Meanwhile, my original question remains ... is there a way to force the slices to download - ADD6X.TCL didn't work - or even copy them off another HR10 via the network so I don't have to tear everything apart. If the answer is NO I guess I'll just have to wait another 6-8 weeks and do it "the old fashioned way."


----------



## 100Tbps (May 12, 2006)

I recently migrated from 3.1.something (on an unhacked drive) to 6.2a by forcing daily calls several days in a row. I started making the calls on Monday or Tuesday, and the slices appeared by Friday. This was before the 6.3e roll-out.

Even though you've had the phone line connected, you didn't mention if you were forcing daily calls. If you start this process today and force one or two calls each afternoon, perhaps this might work for you. If nothing else, it's easier than the drive pulling you're trying to avoid.

My 3.1.something was on the original drive from several years ago. BOTH upgraded drives in the unit failed (2 months after the warranty expired; amazing how the drive people plan their MTBF) so I replaced them with the original. I laughed out loud when it complained about the 1000+ days since the last daily call when it booted up.


----------



## MisterEd (Jun 6, 2001)

At least 2 calls per day.  It's basically a "virgin" HR10-250 drive with only Telnet/FTP on it and nothing else and never used except to activate the box. I found it in a drawer so I dropped it in this box I am working with hoping it would quickly update to 6.something before I "zippered" it.

Ed



100Tbps said:


> I recently migrated from 3.1.something (on an unhacked drive) to 6.2a by forcing daily calls several days in a row. I started making the calls on Monday or Tuesday, and the slices appeared by Friday. This was before the 6.3e roll-out.
> 
> Even though you've had the phone line connected, you didn't mention if you were forcing daily calls. If you start this process today and force one or two calls each afternoon, perhaps this might work for you. If nothing else, it's easier than the drive pulling you're trying to avoid.
> 
> My 3.1.something was on the original drive from several years ago. BOTH upgraded drives in the unit failed (2 months after the warranty expired; amazing how the drive people plan their MTBF) so I replaced them with the original. I laughed out loud when it complained about the 1000+ days since the last daily call when it booted up.


----------



## Da Goon (Oct 22, 2006)

Look at this post here for a pointer to 6.3c slices : http://www.tivocommunity.com/tivo-vb/showthread.php?p=4973418#post4973418
It has you download a script which then initiates a wget download and dbload of the 6.3c slices. Or you could just follow the trail and download, dbload, and upgrade yourself.


----------



## BTUx9 (Nov 13, 2003)

Da Goon said:


> Look at this post here for a pointer to 6.3c slices : http://www.tivocommunity.com/tivo-vb/showthread.php?p=4973418#post4973418
> It has you download a script which then initiates a wget download and dbload of the 6.3c slices. Or you could just follow the trail and download, dbload, and upgrade yourself.

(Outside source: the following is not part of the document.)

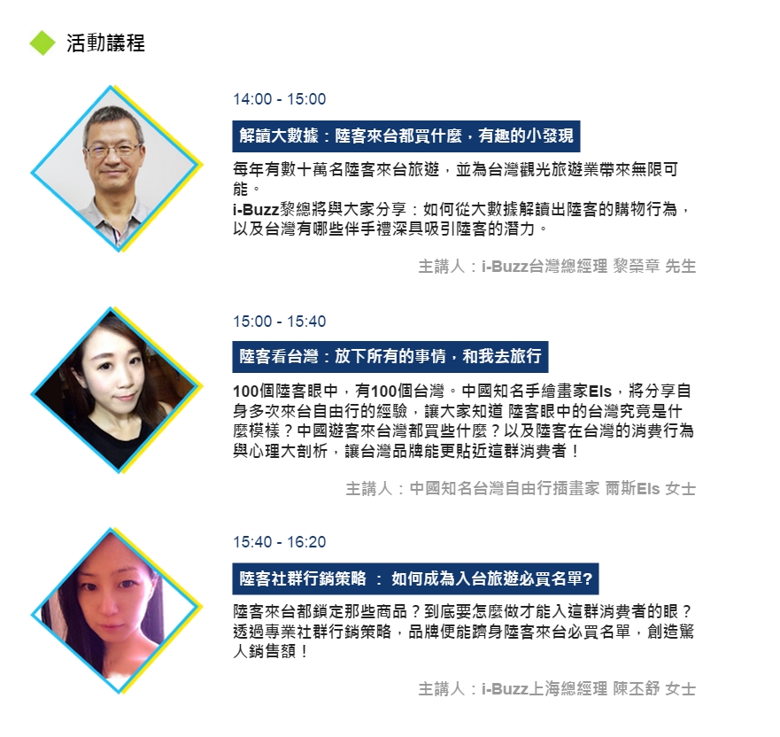 我們邀請到熱愛來台自由行的知名中國圖文部落客Els、i-Buzz台灣總經理黎榮章先生,以及i-Buzz上海總經理陳丕舒女士

as I said in post #6, I don't think you can jump major s/w versions because of the mfs changes involved. 
If I'm right, he'd have to upgrade 3.1.5f -> 6.3 -> 6.3c (or d or e), so the 6.3c slices aren't enough.
If I'm wrong, please let me know (and provide a link, if available) because I HATE disseminating inaccurate info.


----------



## puffdaddy (Mar 1, 2006)

I'm not sure it's necessary to step from 3.1.5x to 6.3 before going to 6.3x. What makes you think that it is?

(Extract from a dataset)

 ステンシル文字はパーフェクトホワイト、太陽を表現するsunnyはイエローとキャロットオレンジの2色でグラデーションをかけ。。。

Even the most minor steps (6.3c to 6.3d for example) display the "updating database," so I was under the impression that included in the slices were any MFS changes.

I'm trying to think of the biggest jump that I've taken a box through. Perhaps it was 4.0.1b to 7.x or 8.x? That should be nearly equivalent to 3.1.5 to 6.3x (~7.2.1).

I'd recommend the OP get the 6.3c slices as advised and install.


----------



## Da Goon (Oct 22, 2006)

BTUx9 said:


> as I said in post #6, I don't think you can jump major s/w versions because of the mfs changes involved.


I've done it on a few times on a few of my boxes. I've never run any 6.3x version that was previous to 6.3b.


----------



## cheddarspaz2 (Oct 24, 2006)

I made a call in with a backup image restored to a new drive, and after a restart, it went from 3.1.5e to 6.3e in one call. And now another fresh backup.


----------